AU TR
Autr

Autr

2 hafta önce

2026 Yılında Türkiye ve Küresel Ekonomide Kritik Dönemeçler: Enflasyondan Enerjiye Yeni Hesaplamalar ve Beklentiler

Türkiye, 2026 yılına yönelik ekonomi ve enerji politikalarında önemli değişiklikler ve iddialı hedeflerle giriyor. Yabancı yatırımcıların Türkiye'ye ilgisinin arttığı bu dönemde, hem enflasyonla mücadele hem de enerji bağımsızlığı yolunda atılan adımlar dikkat çekiyor.

Türkiye Ekonomisinde Yeni Dönem: TÜFE Değişikliği ve Faiz Beklentileri
TÜİK, Ocak 2026'dan itibaren Tüketici Fiyat Endeksi (TÜFE) hesaplama metodolojisinde "2025=100" temel yılına geçiş yapacak. Avrupa Komisyonu kararları doğrultusunda gerçekleşecek bu değişiklik, ulusal hesaplar verilerini birincil kaynak olarak kabul edecek ve sigorta ile finansal hizmetler gibi yeni harcama gruplarını içerecek. İş Bankası Genel Müdürü Hakan Aran, bu değişimin resmi enflasyon rakamını etkileyeceğini ancak sokağa doğrudan yansımayacağını belirtirken, enflasyonla mücadelede kritik eşiğin henüz geçilememesi nedeniyle 2026'nın ilk yarısında kredi musluklarının açılmasını beklemediğini ifade etti.
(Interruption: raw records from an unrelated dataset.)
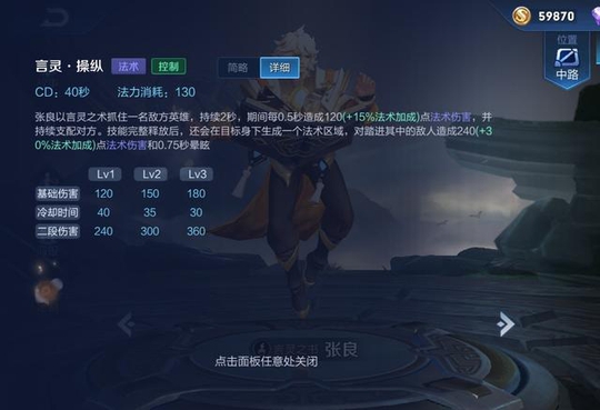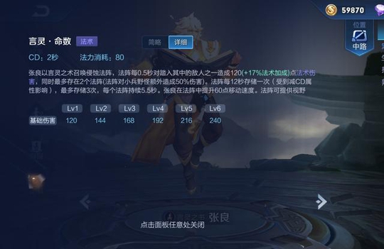 张良以言灵之术抓住一名敌方英雄,持续2秒,期间每0.5秒造成120(+15%法术加成)点法术伤害,并持续支配对方。技能完整释放后,还会在目标身下生成一个法术区域,对踏进其中的敌人造成240(+30%法术加成)点法术伤害和0.75秒晕眩
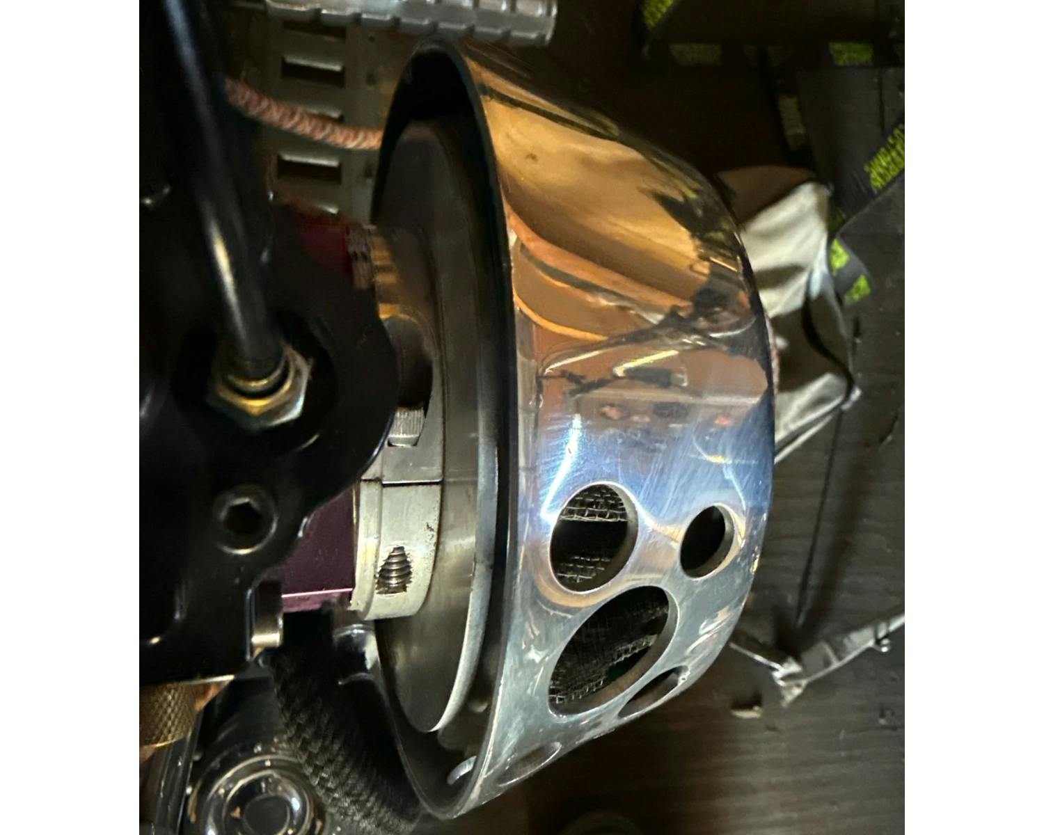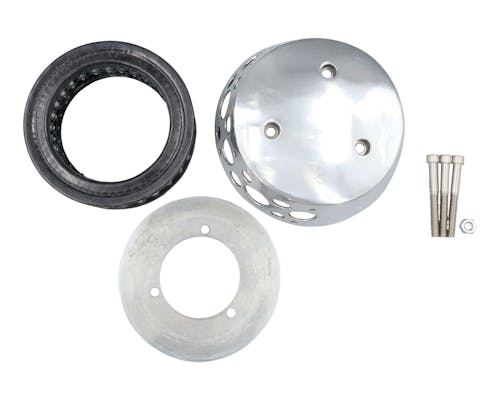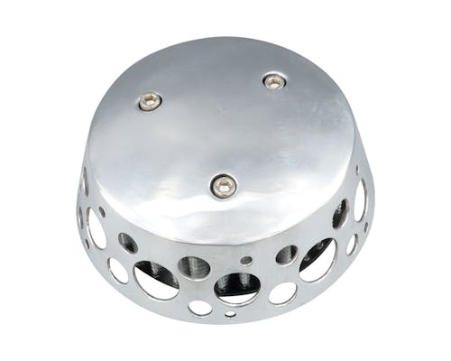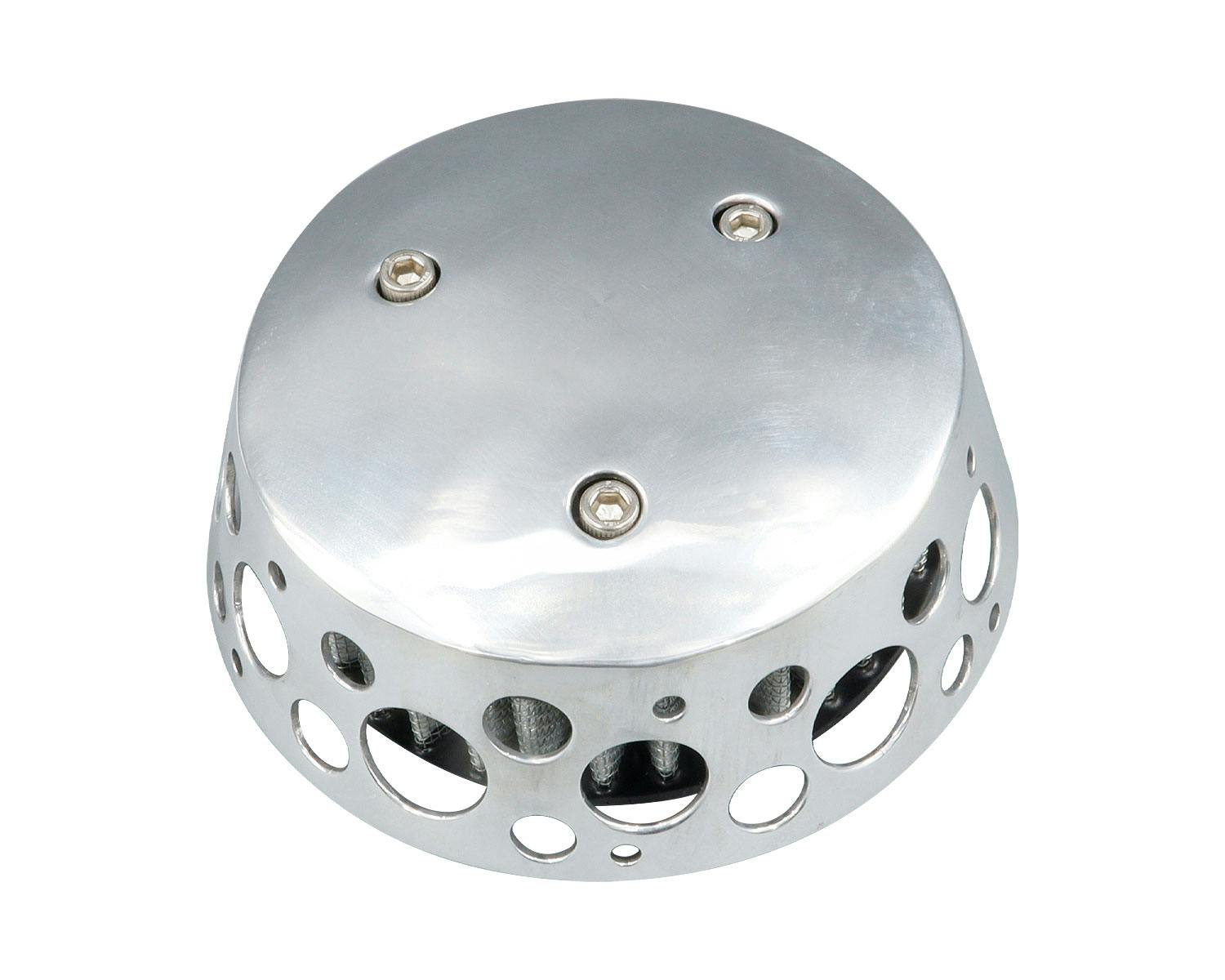 アメリカのBORN FREEをはじめとする、 カスタムショーで話題のFNA Customcycles製エアクリーナーです。 形状を外方向へ窄ませる事で雨の侵入を防いでおり、 一見するとシンプルな佇まいながら、 下側に空いたパンチングホールにより高い吸気効率を実現しています。 |
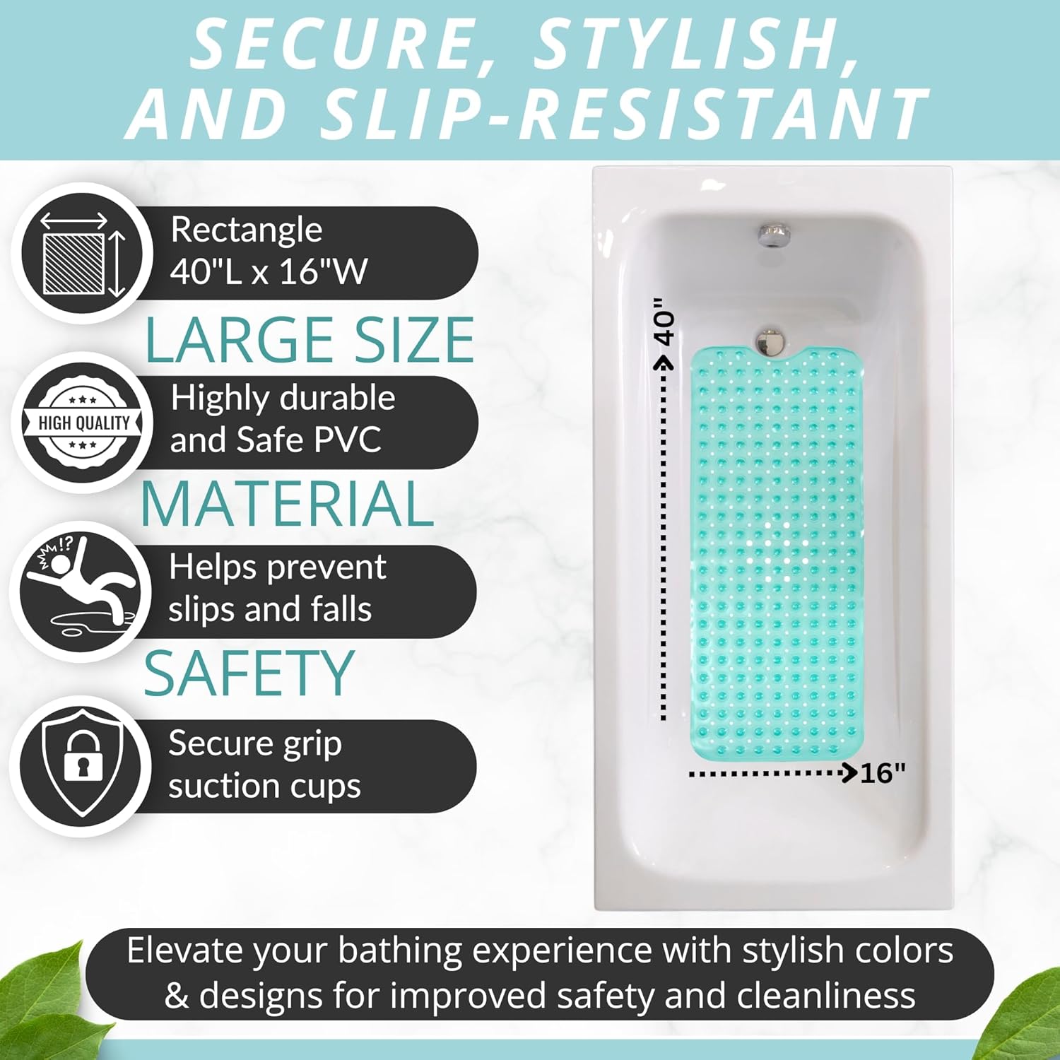 ENKOSI Bath Mat - Large Non Slip Bathtub & Shower Mat - Extra Long 40 x 16 Inch Bathroom Mats for Tub Nonslip Anti Slip Bathmats (40x16 Turquoise 1-Pack)
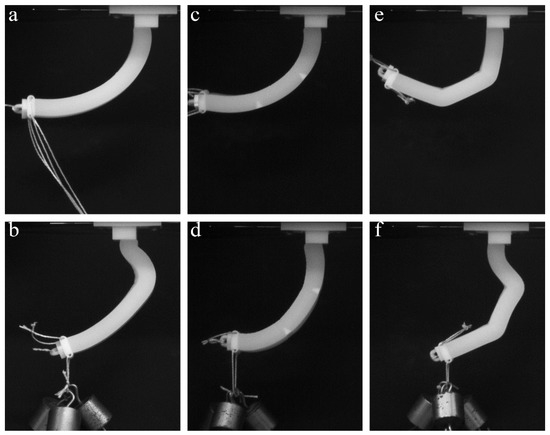 Experimental snapshots for homogeneous FLX9760 actuator (a,b), actuators with stiff inserts (c,d) and empty notches (e,f). Top row corresponds to deformed state without external loading and retraction length 19 mm. Bottom row corresponds to retraction length of 22 mm, while additional 150 g weight was applied on the free end of the actuator.
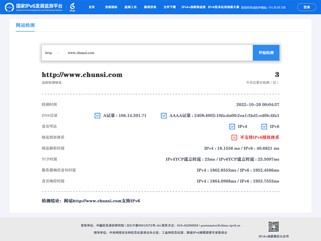接到江西省春絲食品有限公司委托我公司對(duì)春絲食品企業(yè)官網(wǎng)www.chunsi.com進(jìn)行IPv6的升級(jí)改造的需求后,我公司迅速與江西省春絲食品有限公司信息部負(fù)責(zé)人進(jìn)行對(duì)接,并確定了升級(jí)方案。為不影響用戶正常的訪問,我公司技術(shù)人員利用晚上時(shí)間,加班加點(diǎn)對(duì)春絲食品企業(yè)官網(wǎng)進(jìn)行升級(jí)服務(wù)。經(jīng)過樟樹市極速網(wǎng)絡(luò)科技有限公司專業(yè)團(tuán)隊(duì)的加班加點(diǎn)服務(wù),春絲食品企業(yè)官網(wǎng)于2022年10月19日完成升級(jí),升級(jí)改造完成后的春絲食品官網(wǎng),通過國家IPv6發(fā)展監(jiān)測(cè)平臺(tái)https://www.china-ipv6.cn/進(jìn)行在線檢測(cè),檢測(cè)結(jié)論顯示網(wǎng)站http://www.chunsi.com支持IPv6
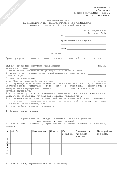 - 1138Справка-заявление на инвестирование (долевое участие) в строительство жилья в г. Дзержинский Московской области
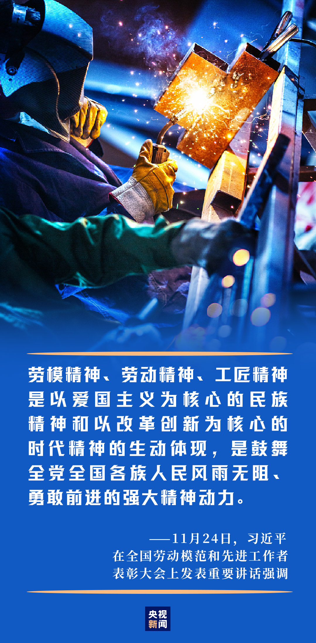 11月24日上午,习近平总书记在全国劳动模范和先进工作者表彰大会上发表重要讲话,点赞劳动模范是民族的精英、人民的楷模,是共和国的功臣,赞扬工人阶级和广大劳动群众用智慧和汗水谱写了“中国梦·劳动美”的新篇章,鼓舞全党全国各族人民大力弘扬劳模精神、劳动精神、工匠精神,在全面建设社会主义现代化国家新征程上创造新的时代辉煌。
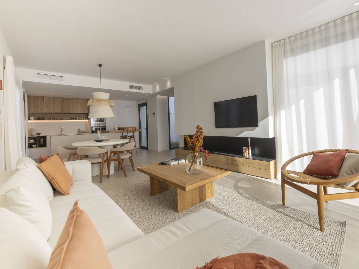 The interior of these detached homes in Murcia is carefully designed to offer comfort and style. Ceramic floors provide a modern touch and are easy to maintain. The homes are equipped with appliances, making daily life easier from day one. Built-in wardrobes offer ample storage space, maintaining order and organization. Additionally, the pre-installation of air conditioning ensures the home stays cool during the warmer months, providing a pleasant environment at all times.
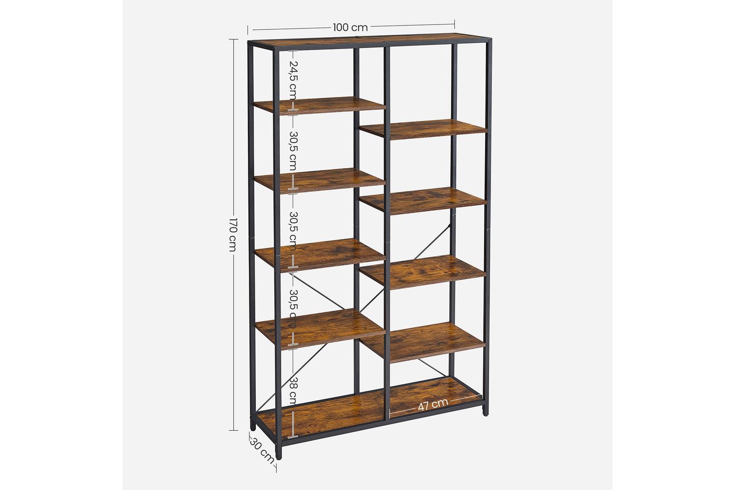 Measuring 100 x 30 x 170 cm, the VASAGLE Bookcase provides ample storage without overwhelming your space. Its robust construction supports a maximum static load of 50 kg, ensuring your books and decorative items are safely displayed. The combination of chipboard shelves and a sturdy steel frame guarantees long-lasting performance, while the rustic brown finish adds warmth and character to your décor. The open shelving design allows for easy access and flexible arrangement, making it ideal for showcasing everything from hardbacks to houseplants.

Öte yandan, Citi, Türkiye ekonomisi için 2026'da dezenflasyon sürecinin devam edeceğini ve Merkez Bankası'ndan kademeli faiz indirimlerinin sürmesini beklediğini açıkladı. Yabancı yatırımcılar da bu beklentilerle Türk borsa yatırım fonlarına 2,5 yılın en büyük girişini gerçekleştirerek Türkiye piyasalarına olan güvenlerini gösterdi. Hazine ise iki tahvil ihalesiyle toplam 64,1 milyar lira borçlanarak finansman ihtiyacını karşıladı.

Küresel Para Politikaları ve Piyasa Hareketleri
Küresel çapta yatırımcılar, merkez bankalarından beklenen parasal genişlemenin yavaşladığı veya durduğu bir döneme hazırlanıyor. Avrupa Merkez Bankası'nın faiz indirimine gitme olasılığının düşük olduğu, Avustralya ve Japonya Merkez Bankalarının ise faiz artırımlarına gidebileceği sinyalleri piyasalarda yankı buldu. ABD Merkez Bankası Fed'den bu ay bir indirim beklenirken, 2026 yılı için beklentiler iki indirimle sınırlı kalıyor. Goldman Sachs, 2026'da küresel büyümenin devam edeceğini, ABD dolarının değer kaybetmesini ve gelişmekte olan piyasaların üstün performans göstermesini beklerken, petrol fiyatlarında düşüş, altın fiyatlarında ise güçlü talep öngörüyor. Almanya'nın KfW kalkınma bankası da 2026 fonlama hedefini 75-80 milyar euroya çıkararak dijitalleşme ve yeşil tahvil yatırımlarına ağırlık vereceğini duyurdu.

Türkiye'nin Enerji Vizyonu: Keşifler ve Nükleer Güç
Enerji ve Tabii Kaynaklar Bakanı Bayraktar, Türkiye'nin enerji bağımsızlığı yolunda attığı adımları paylaştı. 2026 yılında Karadeniz'in batı, orta ve doğu bölgelerinde toplam 6 yeni keşif amaçlı sondaj yapılacağını açıklayan Bakan, Türkiye'nin 6 derin deniz sondaj gemisiyle dünyanın dördüncü büyük filosuna sahip olduğunu vurguladı. Doğalgaz depolama ve gazlaştırma kapasitelerinin artırılması hedeflenirken, Akkuyu Nükleer Güç Santrali'nden (NGS) ilk elektriğin de 2026'da elde edilmesi planlanıyor. Ayrıca, Sinop ve Trakya'da yeni nükleer santral projeleri için konsorsiyumlarla ilerleme kaydedileceği ve 2050'ye kadar Türkiye elektriğinin yüzde 15'inin nükleerden karşılanması hedefi açıklandı. Enerji desteklerinde ise 2026'da tüketim esaslı yeni düzenlemeler düşünülüyor.

Sektörel Beklentiler ve Zorluklar
Uluslararası Hava Taşımacılığı Birliği (IATA), küresel havayolu sektörünün 2026'da 41 milyar dolarla rekor bir kâr elde etmesini bekliyor. Bu beklenti, tedarik zinciri sıkıntıları ve jeopolitik gerilimler gibi zorluklara rağmen sektörün dayanıklılığını ortaya koyuyor. Ancak IATA Genel Direktörü Willie Walsh, sektörün hala sermaye maliyetini karşılayan bir kazanç üretmekte zorlandığını ve marjların değer zinciri içindeki dengesizliğinin devam ettiğini belirtti. Bu tablo, küresel ekonominin canlanma belirtileri gösterdiği ve yeni regülasyonların yolda olduğu bir dönemde, farklı sektörlerin karşı karşıya kaldığı kendine özgü zorlukları ve fırsatları gözler önüne seriyor.